Kak Lily pun memberhentikannya tepat di Depan Gerbang. Aku pun bergegas keluar dari mobil.
"Belajar yang Bener Raph. Jangan main-main loh."
"Iya Kak.. Kakak gak bosen apa ngomong gitu terus setiap nganterin aku Sekolah?" Ucap diriku.
"Ya enggak lah. Itu kan memang harus. Biar kamu gak bandel nanti di Sekolah." Sanggah Kak Lily.
"Iya deh terserah Kakak aja. Yaudah aku Masuk dulu ya kak." ucap diriku sambil membuka pintu Mobilnya.
"Inget loh kata-kata Kakak. Jangan sampai lupa!" Ucap Kak Lily sambil menasehati ku.
Hah.. sudah sering sekali mendengar itu. Tapi lebih baik seperti ini dibanding Kak Lily yang hanya diam saja.
Aku pun melambaikan tangan ku kepada Kak Lily, "Dah Kak Lily." Sambil tersenyum.
"Dah Juga adikku yang imut!" Ujar Kak Lily sambil melambaikan tangannya.
Hahahha.. aku sedikit tertawa mendengar dia menyebutku seperti itu. Sepertinya aku juga jadi Asik yang imut dimatanya. Walaupun kelakuan ku kadang membuatnya kesal. Dia pun pergi meninggalkan kawasan sekolah setelahnya.
Aku pun merapikan Seragamku dan berjalan menuju Ke Kelas. Karena sekarang musim panas, sinar matahari hari ini sedikit menyengat. Membuat kulit ku terasa kepanasan dan terbakar.
"Panasnya!" Aku mengeluh soal sinar matahari yang menyengat ke diriku.
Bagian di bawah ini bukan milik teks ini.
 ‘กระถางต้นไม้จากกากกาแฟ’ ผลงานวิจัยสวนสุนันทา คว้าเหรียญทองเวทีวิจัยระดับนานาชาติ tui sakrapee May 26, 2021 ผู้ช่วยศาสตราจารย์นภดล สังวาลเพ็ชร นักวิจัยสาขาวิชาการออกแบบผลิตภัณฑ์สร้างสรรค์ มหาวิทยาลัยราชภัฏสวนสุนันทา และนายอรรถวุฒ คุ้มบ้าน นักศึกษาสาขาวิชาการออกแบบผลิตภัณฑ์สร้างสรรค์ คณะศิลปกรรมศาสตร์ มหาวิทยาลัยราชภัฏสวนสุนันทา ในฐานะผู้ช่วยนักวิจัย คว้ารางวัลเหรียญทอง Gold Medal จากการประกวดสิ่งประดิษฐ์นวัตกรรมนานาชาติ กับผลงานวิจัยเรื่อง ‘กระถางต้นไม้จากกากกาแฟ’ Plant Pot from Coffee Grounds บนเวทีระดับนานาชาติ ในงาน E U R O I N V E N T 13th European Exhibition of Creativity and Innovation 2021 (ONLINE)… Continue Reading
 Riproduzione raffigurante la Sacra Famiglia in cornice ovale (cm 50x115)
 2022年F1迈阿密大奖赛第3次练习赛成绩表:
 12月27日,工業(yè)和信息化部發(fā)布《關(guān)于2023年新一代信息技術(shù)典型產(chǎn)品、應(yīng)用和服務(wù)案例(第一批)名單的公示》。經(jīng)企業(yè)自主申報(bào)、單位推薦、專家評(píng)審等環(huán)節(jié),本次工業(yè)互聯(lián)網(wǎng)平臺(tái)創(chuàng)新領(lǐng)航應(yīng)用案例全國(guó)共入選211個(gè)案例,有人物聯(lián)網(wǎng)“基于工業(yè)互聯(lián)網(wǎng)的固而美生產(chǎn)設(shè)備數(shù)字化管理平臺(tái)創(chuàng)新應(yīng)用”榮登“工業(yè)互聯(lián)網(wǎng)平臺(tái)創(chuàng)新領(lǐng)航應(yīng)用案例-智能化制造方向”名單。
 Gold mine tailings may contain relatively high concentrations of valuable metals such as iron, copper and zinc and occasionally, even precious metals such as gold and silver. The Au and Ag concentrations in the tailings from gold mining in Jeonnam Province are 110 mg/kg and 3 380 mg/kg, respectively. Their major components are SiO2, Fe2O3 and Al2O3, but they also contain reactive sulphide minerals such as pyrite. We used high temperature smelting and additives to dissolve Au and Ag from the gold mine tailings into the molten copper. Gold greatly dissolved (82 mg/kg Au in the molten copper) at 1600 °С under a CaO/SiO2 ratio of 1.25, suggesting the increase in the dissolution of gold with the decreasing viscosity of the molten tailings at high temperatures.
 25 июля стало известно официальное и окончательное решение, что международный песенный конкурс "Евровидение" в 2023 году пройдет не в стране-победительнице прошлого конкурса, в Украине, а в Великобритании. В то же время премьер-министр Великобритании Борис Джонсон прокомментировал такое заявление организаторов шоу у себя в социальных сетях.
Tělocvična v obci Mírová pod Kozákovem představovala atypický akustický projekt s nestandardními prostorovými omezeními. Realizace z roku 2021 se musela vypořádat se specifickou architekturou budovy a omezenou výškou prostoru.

Aku menadahkan tanganku sejajar dengan dahi untuk menutupi silaunya. Aku berjalan dengan pelan di Halaman Sekolah. Daun-daun Pohon yang tampak berwarna kecoklatan itu berjatuhan seperti halnya mengalami kematian.
Disaat aku sedang berjalan pelan di Halaman Sekolah. Aku mendengar sebuah suara dari seseorang. Seseorang yang kukenali dan tampak Familiar.
__ADS_1
"Raphael.." Suara Milik Novaria.
Aku pun menoleh ke arahnya. Ahh.. aku merasa sedikit senang melihatnya menyapaku sambil melambaikan tangannya dan tersenyum. Ini situasi yang selalu kubayangkan saat aku berpacaran dengannya.
"Halo Nov.." Teriak diriku sambil melambaikan tangan.
Wajahnya yang tampak bersinar itu membuat hatiku nyaman. Cahaya matahari tak buruk juga sepertinya. Dia berlari menuju diriku saat ini. Aku pun mendekatinya juga.
"Hah..Hah.. kamu tadi kesini sama siapa Raph?" Ucap Novaria dengan nafas yang terengah-engah.
"Bersama Kakak ku. Dia memintaku untuk pergi bersamanya, aku jadi tidak bisa menolak permintaannya." Jawab diriku dengan memasang ekspresi tersenyum.
"Oh.. pantas saja kamu tadi pagi gak jawab chat aku." Tegur Novaria.
"Hahaha.. Maaf-maaf, aku gak sempat melihat Smartphone ku tadi." Jawab aku dengan permintaan maaf dan sedikit tertawa.
Disaat kami berdua sedang mengobrol, Alice dan Leon pun mendekat ke arah Kami.
"Wah-wah.. Pasangan baru nih." Tutur Alice.
Aku terlihat senang dengan hubunganku dan Novaria saat ini.
"Ini semua berkatmu Alice. Aku mau berterima kasih padamu tentang Tiketnya." Ucap diriku.
"Sama-sama. Oh iya, Kalian jangan terlalu Romantis-romantis ya, nanti aku jadi sedikit iri." Ungkap Alice sambil menggoda kami berdua.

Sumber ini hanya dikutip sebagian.